**WORK INSTRUCTION**
In your copy, leave out the pictures and repeat the entries below exactly.

GIVEN INFORMATION Block Start

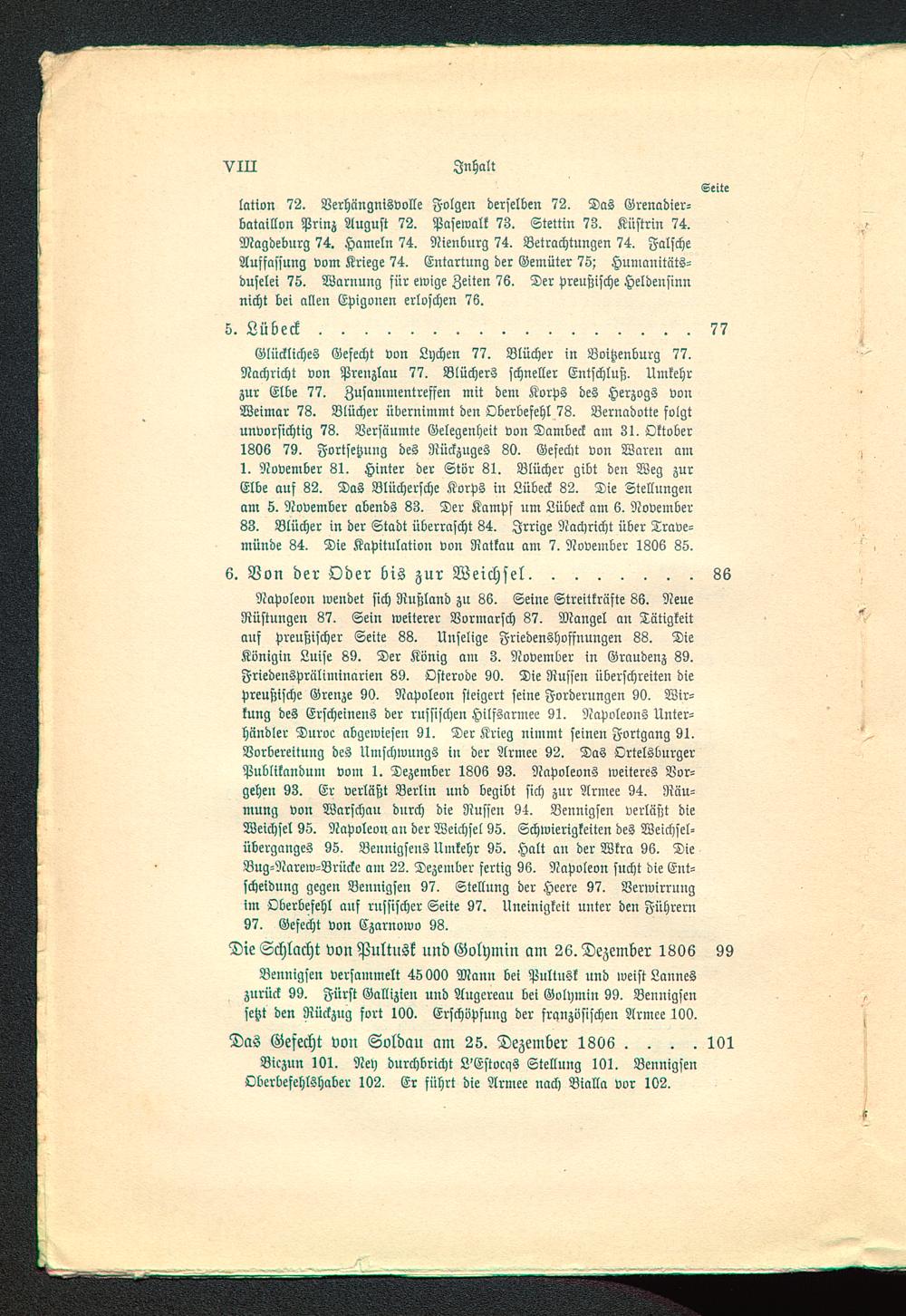 Napoleou wendet sich Rußland zu 86. Seine Streitkräfte 86. NeueRüstungen 87. Sein weiterer Vormarsch 87. Mangel au Tätigkeitauf preußischer Seite 88. Unselige Friedenshoffnungen 88. DieKönigin Luise 89. Der König am 3. November in Graudenz 89.Friedenspräliminarien 89. Osterode 90. Die Russen überschreiten diepreußische Grenze 90. Napoleon steigert seine Forderungen 90. Wir-kung des Erscheinens der russischen Hilfsarmee 91. Napoleons Unter-händler Duroc abgewiesen 91. Der Krieg nimmt seinen Fortgang 91.Vorbereitung des Umschwungs in der Armee 92. Das OrtelsburgerPublikandum vom 1. Dezember 1806 93. Napoleons weiteres Vor-gehen 93. Er verläßt Berlin und begibt sich zur Armee 94. Räu-mung von Warschau durch die Russen 94. Vennigsen verläßt dieWeichsel 95. Napoleon an der Weichsel 95. Schwierigkeiten des Weichsel-überganges 95. Bennigsens Umkehr 95. Halt an der Wkra 96. DieBug-Narew-Brücke am 22. Dezember fertig 96. Napoleon sucht die Ent-scheidung gegen Vennigsen 97. Stellung der Heere 97. Verwirrungim Oberbefehl ans russischer Seite 97. Uneinigkeit unter den Führern97. Gefecht von Czarnowo 93.
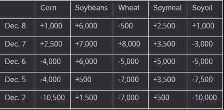 The player sheet for Dec. 8 had funds: net sellers of 500 contracts of SRW wheat, buyers of 1,000 corn, sellers of 6,000 soybeans, buyers of 2,500 soymeal, and buyers of 1,000 soyoil.
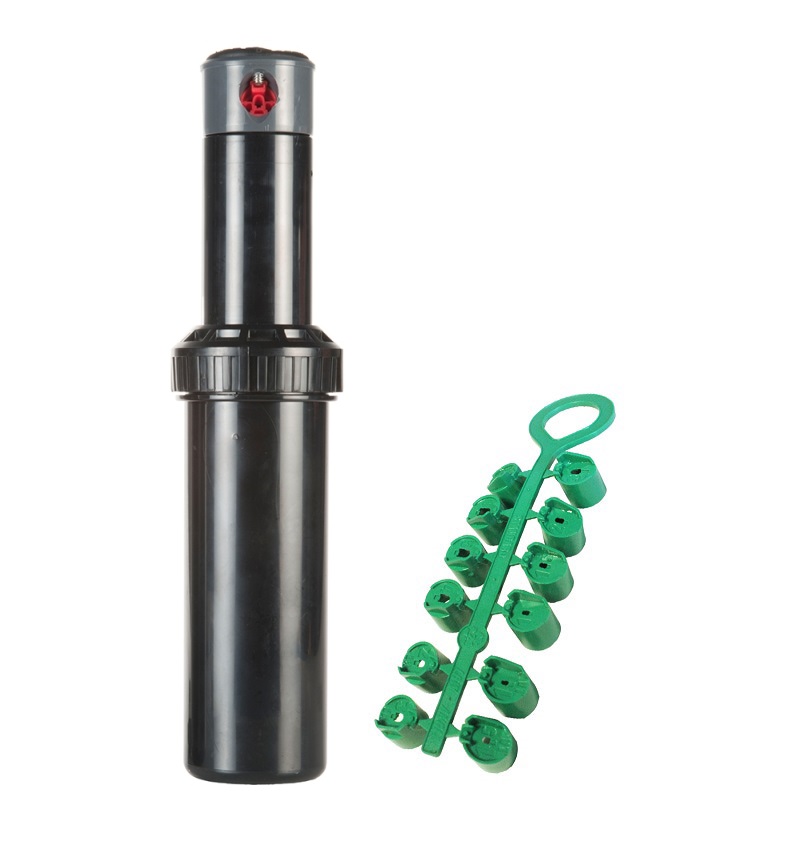 Rotačný postrekovač so spätným ventilom Rain S075 S disponuje 10 cm-ovým výsuvníkom, ktorý je vybavený vnútorným 3/4″ pripojovacím závitom. Vďaka sade trysiek dokáže zavlažovať plochu 7,9-14,0 m.
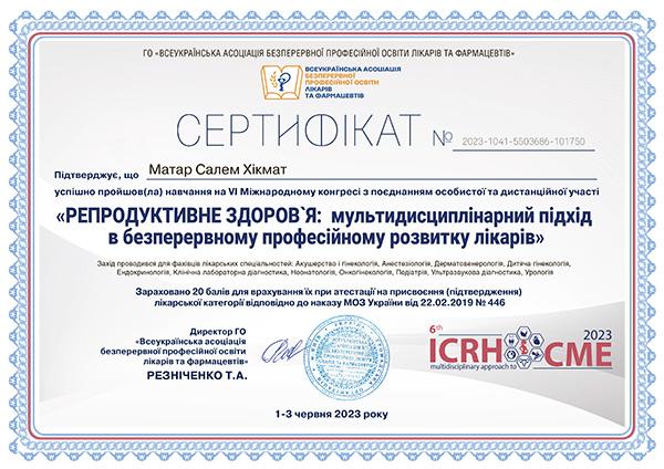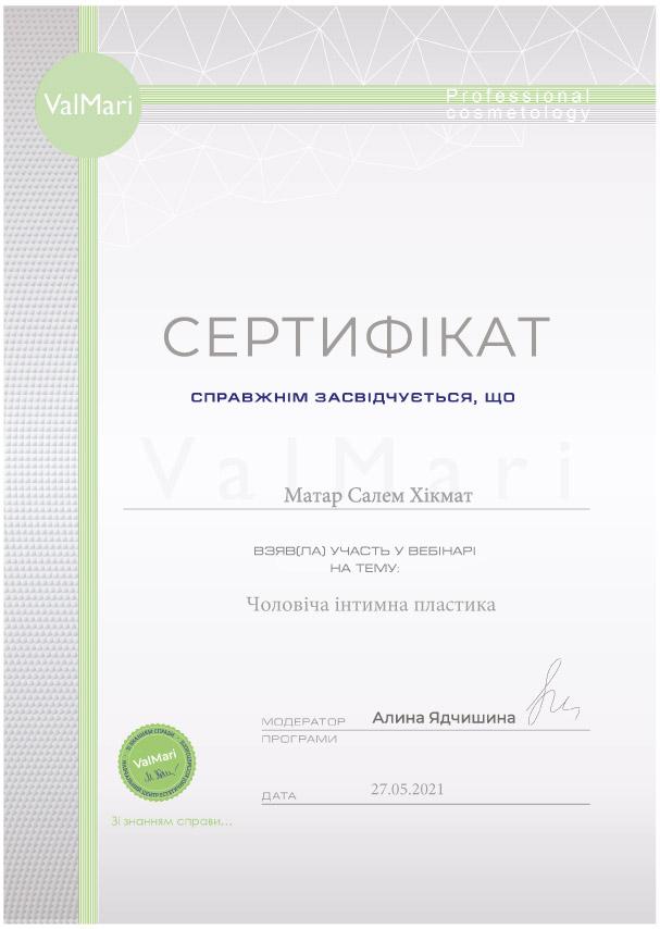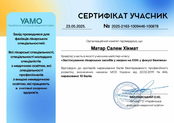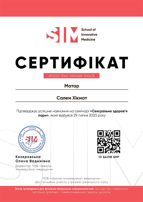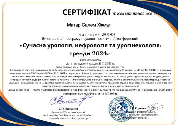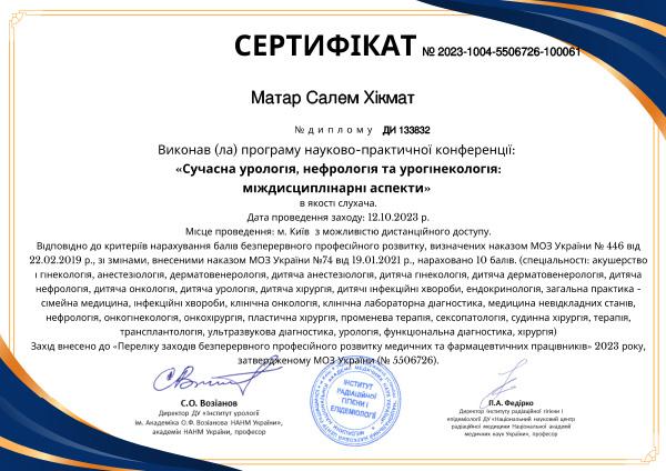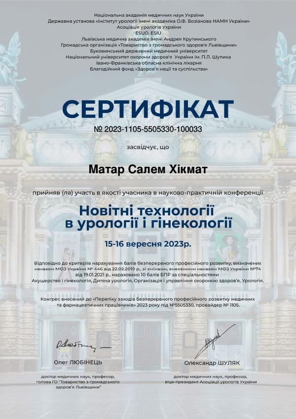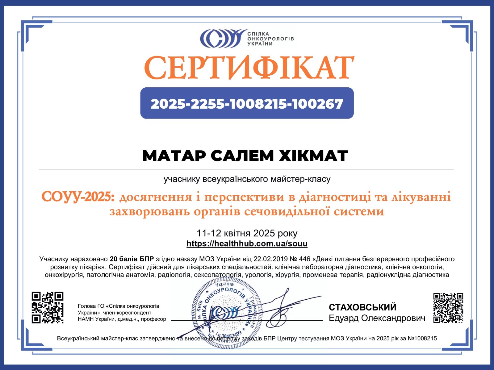 - Спеціалізація для підтвердження кваліфікації в Запорізькій медичній академії післядипломної освіти, отримання сертифікату лікаря-спеціаліста за спеціальністю «Урологія» (2015 р.)
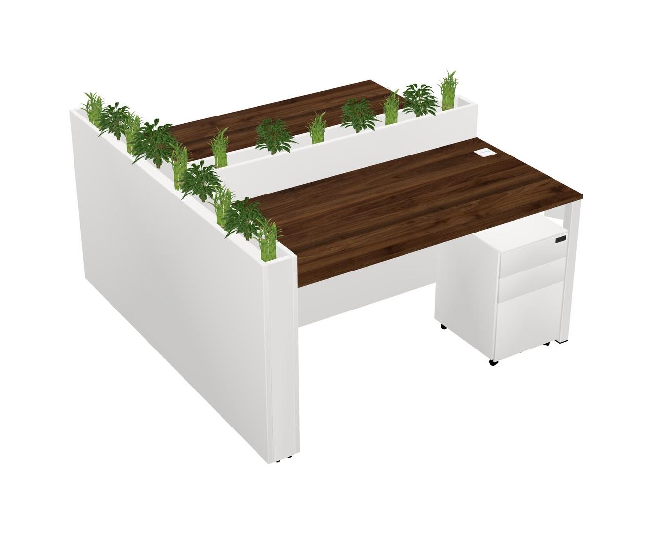 Columbia Walnut Rectangular Shared Office Desk System Metal Mobile Drawers (Pots & Plants Sold Separately)
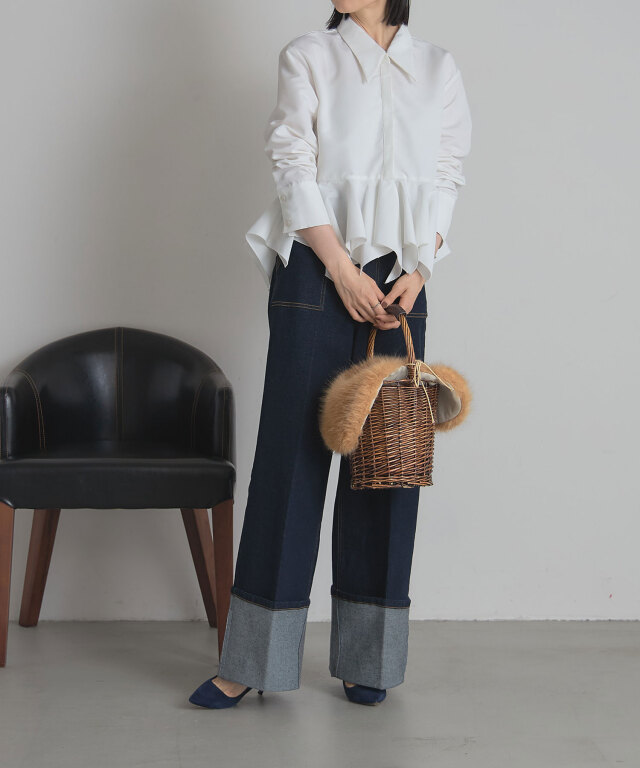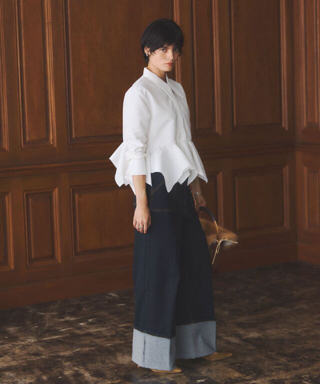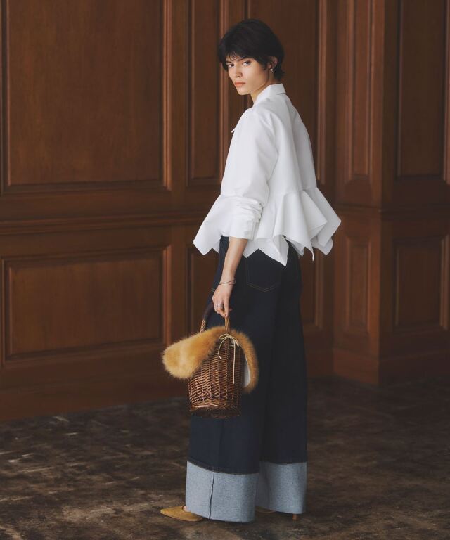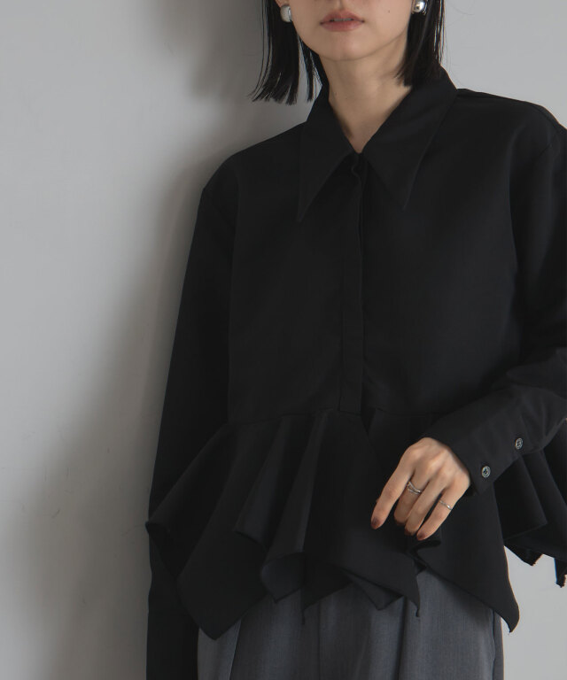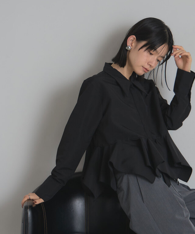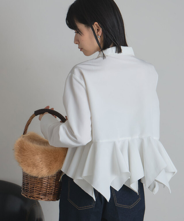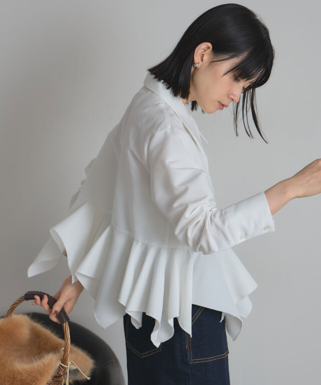 | 商品説明 | : | ドラマチックに揺れるランダムヘムが印象的なデザインシャツ ランダムに施されたフリルデザインが目を引くシャツ。 裾の柔らかなボリューム感がスタイルカバーしつつ、 華やかかつフェミニンな雰囲気を漂わせます。 シンプルながらも1枚で着映えするアイテムです。 |

GIVEN INFORMATION Block End

**ANSWER SPACE**
 Napoleou wendet sich Rußland zu 86. Seine Streitkräfte 86. NeueRüstungen 87. Sein weiterer Vormarsch 87. Mangel au Tätigkeitauf preußischer Seite 88. Unselige Friedenshoffnungen 88. DieKönigin Luise 89. Der König am 3. November in Graudenz 89.Friedenspräliminarien 89. Osterode 90. Die Russen überschreiten diepreußische Grenze 90. Napoleon steigert seine Forderungen 90. Wir-kung des Erscheinens der russischen Hilfsarmee 91. Napoleons Unter-händler Duroc abgewiesen 91. Der Krieg nimmt seinen Fortgang 91.Vorbereitung des Umschwungs in der Armee 92. Das OrtelsburgerPublikandum vom 1. Dezember 1806 93. Napoleons weiteres Vor-gehen 93. Er verläßt Berlin und begibt sich zur Armee 94. Räu-mung von Warschau durch die Russen 94. Vennigsen verläßt dieWeichsel 95. Napoleon an der Weichsel 95. Schwierigkeiten des Weichsel-überganges 95. Bennigsens Umkehr 95. Halt an der Wkra 96. DieBug-Narew-Brücke am 22. Dezember fertig 96. Napoleon sucht die Ent-scheidung gegen Vennigsen 97. Stellung der Heere 97. Verwirrungim Oberbefehl ans russischer Seite 97. Uneinigkeit unter den Führern97. Gefecht von Czarnowo 93.
 The player sheet for Dec. 8 had funds: net sellers of 500 contracts of SRW wheat, buyers of 1,000 corn, sellers of 6,000 soybeans, buyers of 2,500 soymeal, and buyers of 1,000 soyoil.
 Rotačný postrekovač so spätným ventilom Rain S075 S disponuje 10 cm-ovým výsuvníkom, ktorý je vybavený vnútorným 3/4″ pripojovacím závitom. Vďaka sade trysiek dokáže zavlažovať plochu 7,9-14,0 m.
 - Спеціалізація для підтвердження кваліфікації в Запорізькій медичній академії післядипломної освіти, отримання сертифікату лікаря-спеціаліста за спеціальністю «Урологія» (2015 р.)
 Columbia Walnut Rectangular Shared Office Desk System Metal Mobile Drawers (Pots & Plants Sold Separately)
 | 商品説明 | : | ドラマチックに揺れるランダムヘムが印象的なデザインシャツ ランダムに施されたフリルデザインが目を引くシャツ。 裾の柔らかなボリューム感がスタイルカバーしつつ、 華やかかつフェミニンな雰囲気を漂わせます。 シンプルながらも1枚で着映えするアイテムです。 |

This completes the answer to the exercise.